When examining a production system, the primary question would have to be, “does this process end with a net gain of energy that can be subsequently utilized for the evolutionary advantage of the social system?” This question itself would suggest the inevitable rise of an elite subgroup when the wider population reaches certain environmental carrying thresholds — where that (evolutionarily optimal) subgroup is carried by the energy-providing activities of a wider group. But this is another issue to look at later.
The existence of (the) ‘natural disaster’ suggests that the state of a particular techno-social system may be seen essentially as the (ordered) organization of flows to keep back natural chaotic forces or to push those natural forces along certain (technologically-defined) pathways. Does this make the system merely at the affect of natural laws, and thus binding it into a materially deterministic framework? Nah, that ignores quantum, with its statistically indeterminate outcomes. Although obviously, any techno-social system is bound to thermodynamics and all other prescribed or yet unknown ‘natural laws.’

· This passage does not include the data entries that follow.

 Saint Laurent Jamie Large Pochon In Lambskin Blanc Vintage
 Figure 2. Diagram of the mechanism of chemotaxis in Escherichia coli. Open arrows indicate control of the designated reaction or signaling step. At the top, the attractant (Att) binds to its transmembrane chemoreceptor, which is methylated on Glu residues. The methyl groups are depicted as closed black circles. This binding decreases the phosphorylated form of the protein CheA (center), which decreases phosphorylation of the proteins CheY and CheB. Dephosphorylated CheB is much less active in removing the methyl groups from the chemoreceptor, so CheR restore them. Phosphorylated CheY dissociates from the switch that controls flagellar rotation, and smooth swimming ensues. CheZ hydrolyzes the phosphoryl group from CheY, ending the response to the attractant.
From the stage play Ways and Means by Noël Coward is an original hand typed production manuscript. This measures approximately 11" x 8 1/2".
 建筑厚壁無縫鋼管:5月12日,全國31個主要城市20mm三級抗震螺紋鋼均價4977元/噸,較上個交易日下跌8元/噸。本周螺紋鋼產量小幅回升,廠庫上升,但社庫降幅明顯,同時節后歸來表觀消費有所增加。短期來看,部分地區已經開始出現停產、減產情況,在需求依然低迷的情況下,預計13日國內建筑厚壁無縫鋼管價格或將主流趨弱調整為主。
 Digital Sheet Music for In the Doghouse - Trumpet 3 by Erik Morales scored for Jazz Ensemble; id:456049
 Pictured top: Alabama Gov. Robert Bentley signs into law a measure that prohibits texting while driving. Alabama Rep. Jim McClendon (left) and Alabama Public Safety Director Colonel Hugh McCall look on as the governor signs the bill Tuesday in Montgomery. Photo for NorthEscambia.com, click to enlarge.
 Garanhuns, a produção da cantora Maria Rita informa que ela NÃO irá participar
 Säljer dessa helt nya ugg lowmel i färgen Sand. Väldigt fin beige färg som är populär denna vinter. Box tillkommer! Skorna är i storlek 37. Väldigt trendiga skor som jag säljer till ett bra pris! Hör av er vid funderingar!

System collapse to simplicity is obviously a result of the ‘natural’ disaster precipitated by war (as an extension of human survival mechanisms?). War is the impingement of one techno-socially organized and directed expression of ordered energy onto another — with one set of system pathways disrupted to greater simplicity. Loss could be defined by the destruction of the internal structure for the directing of cumulative energy of participants in that social system. Winning is essentially acquiring access to the total (or partial) energy sources of the losing social system. This includes individuals, and all the pathways of energy flow that they have constructed — these are then directed, incorporated, into the winning system.

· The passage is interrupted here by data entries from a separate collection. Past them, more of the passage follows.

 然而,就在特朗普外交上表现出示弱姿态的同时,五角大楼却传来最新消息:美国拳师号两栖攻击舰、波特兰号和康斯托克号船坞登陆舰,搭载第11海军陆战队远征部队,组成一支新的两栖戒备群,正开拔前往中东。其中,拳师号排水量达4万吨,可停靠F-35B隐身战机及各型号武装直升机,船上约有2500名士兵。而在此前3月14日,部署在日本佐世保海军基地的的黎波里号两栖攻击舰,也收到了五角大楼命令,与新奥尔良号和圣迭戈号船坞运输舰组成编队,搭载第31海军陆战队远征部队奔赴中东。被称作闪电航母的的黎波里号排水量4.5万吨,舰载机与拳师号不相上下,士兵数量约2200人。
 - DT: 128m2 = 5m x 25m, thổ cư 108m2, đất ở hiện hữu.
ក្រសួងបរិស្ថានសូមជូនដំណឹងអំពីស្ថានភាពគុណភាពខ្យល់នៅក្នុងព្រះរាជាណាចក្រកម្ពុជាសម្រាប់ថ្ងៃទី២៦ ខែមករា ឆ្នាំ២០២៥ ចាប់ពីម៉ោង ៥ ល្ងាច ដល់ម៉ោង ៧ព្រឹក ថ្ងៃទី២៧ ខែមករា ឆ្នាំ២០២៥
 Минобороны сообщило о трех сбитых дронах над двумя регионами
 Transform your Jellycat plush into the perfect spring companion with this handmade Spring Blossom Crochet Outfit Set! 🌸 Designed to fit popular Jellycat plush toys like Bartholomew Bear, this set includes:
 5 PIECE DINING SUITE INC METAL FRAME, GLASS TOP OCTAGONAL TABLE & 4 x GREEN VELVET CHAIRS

The whole deterministic model seems to focus on material interpretations — that is, metrics of ‘advance’ that will happen along an apparently calculable technological trajectory. Rather, as outlined here, there are conditions of technological advance and retreat that are framed by other factors which make the prediction of a trajectory highly inaccurate. The first being the level of complexity of the techno-social systems, the second, the efficiency of that system, and the third, the stability. All of these factors fluctuate over time and are deeply embedded in a milieu of human and, indeed, cosmological factors. The general trend, however, looking at the broad arc of the history of technology is to increasing complexity, variable-yet-generally-increasing control by social systems of a wider range of ‘natural’ energy flows. Is it deterministic to say that there will be an increase in complexity of any techno-social system unless interrupted by natural disaster? [Clearly, the complexity of a (the!) techno-social system is limited, as the energy basis for the system is not infinite: what does that imply?]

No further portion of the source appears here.